Derivation: Cross-Entropy

deep learning

math

May 13, 2025 · 9 min read

Cross-entropy is is widely used in deep learning. It is what neural networks minimise when learning to model an underlying data distribution, especially in classification tasks like language modelling, where the models predict the probability of a token. Understanding this loss and deriving it will require us to walk through a few ideas from information theory: entropy, divergence, and modelling probability distributions.

This article lays out that path, starting from first principles. It lays out the groundwork for understanding the next article on Apple's recent optimization cross entropy. If you are already familiar with cross-entropy loss, you can skip this derivation and jump straight to article breaking down how Apple did it.

Derivation: Entropy

In information theory, entropy is a measurement of "uncertainty"—or perhaps more intuitively, surprise. We can derive Shannon's entropy by thinking of how we might "model surprise" as a function.

Modelling Surprise

The smaller the probability of an event, the more information it conveys when it occurs.

A more intuitive way of understanding this is that an outcome is "more surprising" when it was "less likely" to occur. It wasn't expected. Put another way, the information conveyed by an event we didn't expect is higher! We can put this in math terms:

I(y) = -\log p(y)

where $I(y)$ , the information conveyed by an event $y$ , is large when $p(y)$ is small.

Small note on sign

Since $p(y) \in [0, 1]$ , the negative sign ensures that $I(y)$ is positive

From here, entropy emerges as the expected information content over a distribution:

Defining Entropy

Entropy is the "average surprise" across all possible outcomes.

So deriving Shannon's entropy ( $H(Y)$ ) involves computing the expected information from $y$ . Each event, carries $I(y)$ information, and the probability of each event is $p(y)$ . So by weighing each event by it's probability, we get the expected information content:

H(Y) = \mathbb{E}[I(Y)] = \sum_{y} p(y) I(y)

H(Y) = - \sum_{y} p(y) \log p(y)

Derivation: Cross-Entropy

In machine learning and data science, we are often trying to approximate a true distribution with a model.
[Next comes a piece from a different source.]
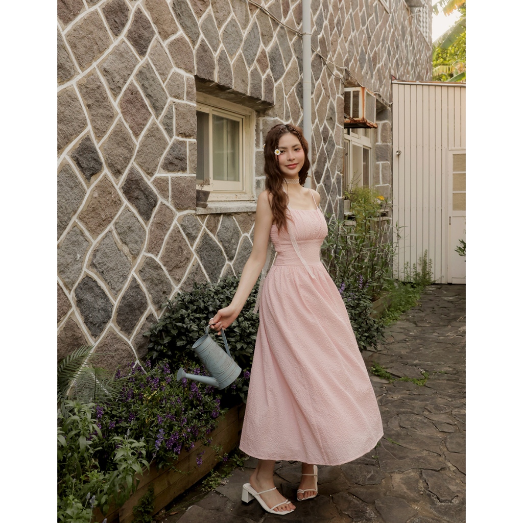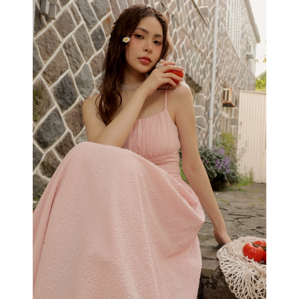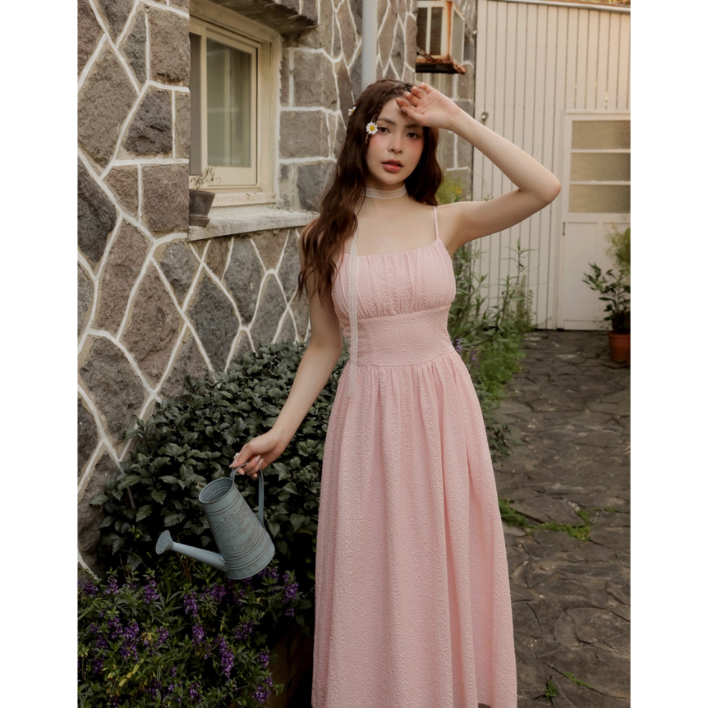 AIR SPACE LADY 格紋泡泡紗收腰細肩帶長洋裝(附胸墊)(白/粉紅) 女裝 現貨白,S|白,M|白,L|粉紅,S|粉紅,M|粉紅,LAIR SPACE

Hence, the problem now becomes: how well does our model's distrbution approximate the true distribution?

Cross-entropy is hence best understood as a measure of alignment between two different probability distributions. One produced by the trained model, and one of the data it is trying to learn from.

To answer our new question, we use Kullback-Leibler (KL) divergence, which quantifies the "extra information" between two distributions. Another way of thinking about it is the "information cost" of using one distribution to model another (how much extra information you would need to throw in to fill in the gap).

KL Divergence

How inefficient is it to encode data from $p$ using a code optimized for $q$ ?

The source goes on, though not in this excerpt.